» Exercise directions: Your output consists solely of the lines from the one that contains "及时传达毕业相关工作部署。解" to the end of the material, each reproduced exactly; pictures do not belong in it.
Data excerpt: Begin
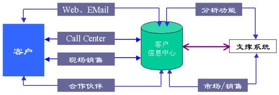 CRM系統(tǒng)的實施與企業(yè)的內(nèi)部和外部系統(tǒng)緊密相關(guān)。其涉及市場、營銷、銷售、實施、客戶服務(wù)與支持等一系列循環(huán)過程。一個完整的CRM系統(tǒng)不僅包含與客戶的多方位的多渠道接觸外,還包含市場的定位和分割,營銷策略的制定和客戶細(xì)分,銷售機(jī)會的把握,銷售的執(zhí)行(任務(wù)分派,任務(wù)的跟蹤),客戶的管理與分析,客戶的反饋與策略的評判等。從而再重新修正市場策略。這樣一個循環(huán)過程涉及管理、市場、客戶、產(chǎn)品、數(shù)據(jù)分析與處理等多學(xué)科的知識與技術(shù)。
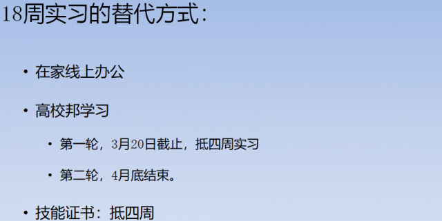 及时传达毕业相关工作部署。解释暂停实习的原因及必要性,上学期顶岗实习及成绩录入的工作安排,本学期因疫情对实习环节调整、习讯云平台上的要求、高校邦平台的学习替代等方式;强调毕业论文或实习报告、学习心得撰写要求,并对毕业前考试、毕业审核要求等进行解释说明。
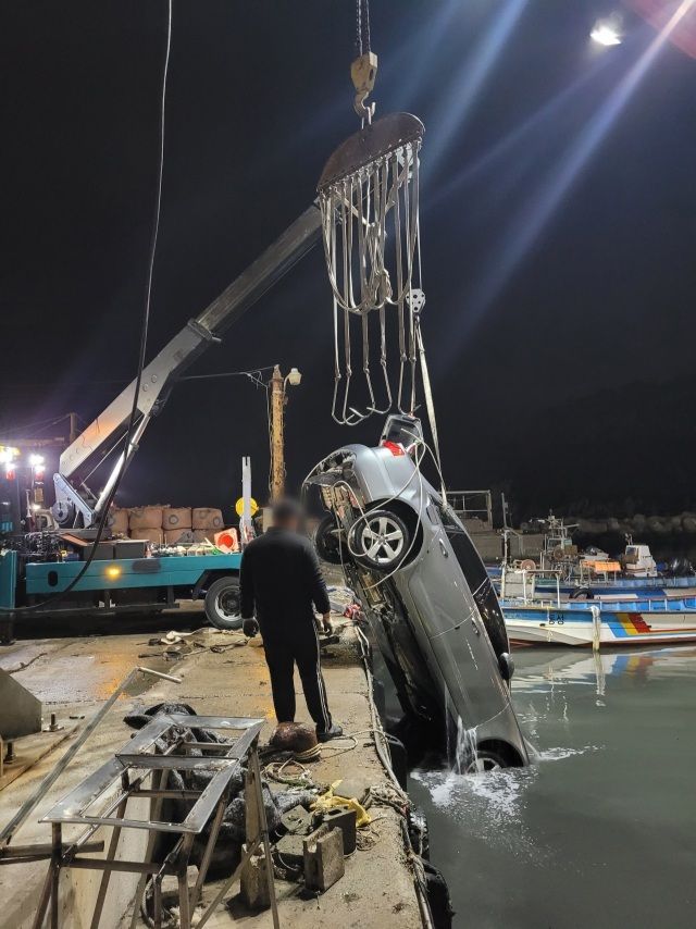 사고 현장 근처에 있던 해경 순찰차는 신고를 접수하고 공수항으로 이동, 앞부분이 바다에 반쯤 잠긴 차량을 확인했다. 차량은 수면 아래로 가라앉고 있었고, 그 안에는 운전자가 타고 있었다.
Data excerpt: End
» Solution below:
 及时传达毕业相关工作部署。解释暂停实习的原因及必要性,上学期顶岗实习及成绩录入的工作安排,本学期因疫情对实习环节调整、习讯云平台上的要求、高校邦平台的学习替代等方式;强调毕业论文或实习报告、学习心得撰写要求,并对毕业前考试、毕业审核要求等进行解释说明。
 사고 현장 근처에 있던 해경 순찰차는 신고를 접수하고 공수항으로 이동, 앞부분이 바다에 반쯤 잠긴 차량을 확인했다. 차량은 수면 아래로 가라앉고 있었고, 그 안에는 운전자가 타고 있었다.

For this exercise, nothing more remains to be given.